Muster had published an edition of Hebrew Matthew in 1537 from a manuscript he stated that he had obtained from “among the Jews”. JQA republished Munster’s Matthew text with marginal notes offering alternate readings. Unfortunately JQA did not tell us from where he derived these alternate readings? Were these readings his own Hebrew translations of Greek or Latin versions of Matthew or were that from other manuscripts of Hebrew Matthew?

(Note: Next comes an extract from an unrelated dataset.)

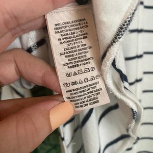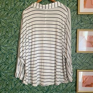 features | V neck with fall back collar, three quarter sleeves, boxy fit, soft stretchy white material with navy stripes
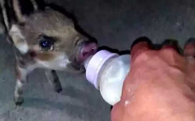 当时,家人都劝我放弃养野猪,说早点把剩余的野猪卖了还能减少些损失,但我心里就是有一种不想认输的劲,不想就这样放弃自己的梦想”。图为彭兴刚正在给一头小野猪喂奶。

I recently found a clear answer to this question while reviewing these marginal notes. I noticed that JQA gives a marginal note to אביהוד (Abihud) which reads נא אבנר. נא is a Hebrew abbreviation meaning “in another version” and אבנר is the name “Abner”. This reading makes it clear that these are alternate readings from other Hebrew manuscripts of Matthew. This is because this reading is a key variance in the DuTillet Hebrew version of Matthew.
The DuTillet version of Matthew is taken from a Hebrew manuscript of Matthew which was confiscated from Jews in Rome in 1553. On August 12th, 1553, at the petition of Pietro , Cardinal Caraffa, the Inquisitor General, Pope Julius III signed a decree banning the Talmud in Rome. The decree was executed on September 9th (Rosh HaShanna) and anything that looked like the Talmud, that is, anything written in Hebrew characters was confiscated as the Jewish homes and synagogues were ravished. Jean DuTillet, Bishop of Brieu, France was visiting Rome at the time. DuTillet was astounded to take notice of a Hebrew manuscript of Matthew among the other Hebrew manuscripts. DuTillet acquired the manuscript and returned to France, depositing it in the Bibliotheque Nationale, Paris. It remains there to this day as Hebrew ms. No. 132.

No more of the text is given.